1. Hahn J, et al. Vitamin D and marine omega 3 fatty acid supplementation and incident autoimmune disease: VITAL randomized controlled trial. BMJ. 2022;376:e066452. PMID: 35082139.

2. Anglin RE, et al. Vitamin D deficiency and depression in adults: systematic review and meta-analysis. Br J Psychiatry. 2013;202:100-107. PMID: 23377209.

3. Holick MF, et al. Evaluation, treatment, and prevention of vitamin D deficiency: an Endocrine Society clinical practice guideline. J Clin Endocrinol Metab. 2011;96(7):1911-1930. PMID: 21646368.

4. Wang TT, et al. Cutting edge: 1,25-dihydroxyvitamin D3 is a direct inducer of antimicrobial peptide gene expression. J Immunol. 2004;173(5):2909-2912. PMID: 15322146.

5. Lappe J, et al. Effect of vitamin D and calcium supplementation on cancer incidence in older women: a randomized clinical trial. JAMA. 2017;317(12):1234-1243. PMID: 28350929.

6. Autier P, et al. Vitamin D status and ill health: a systematic review. Lancet Diabetes Endocrinol. 2014;2(1):76-89. PMID: 24622671.

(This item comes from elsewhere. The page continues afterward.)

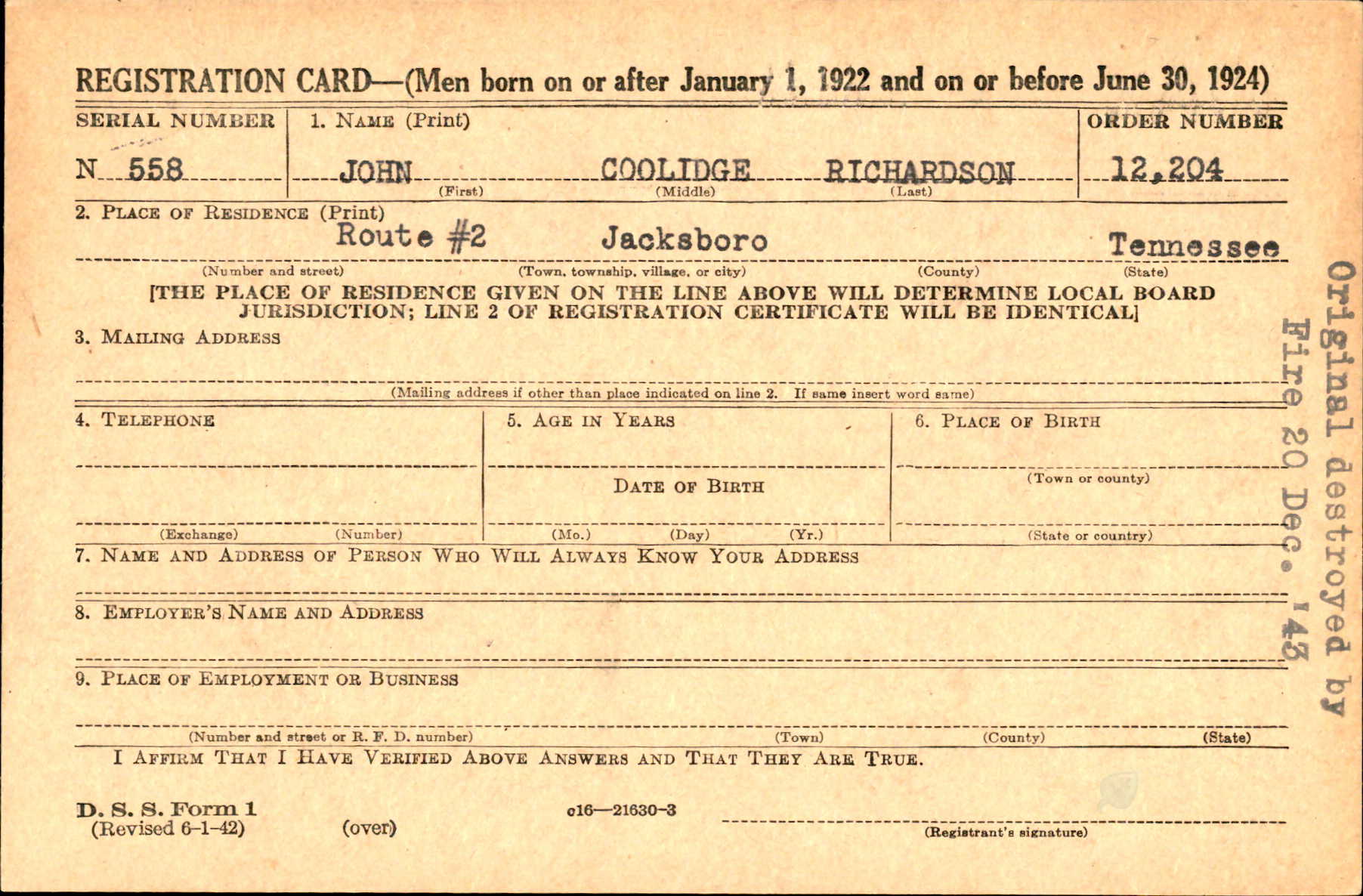 John Coolidge Richardson was born in Jacksboro, Tennessee to Lee R. Richardson and Hattie Gaylor.

This content is educational and does not constitute medical advice. Vitamin D supplementation at doses above the RDA should be monitored with periodic blood testing. Consult a qualified physician before initiating high-dose vitamin D supplementation, particularly if you have kidney disease, granulomatous disease, or are taking medications that affect calcium metabolism.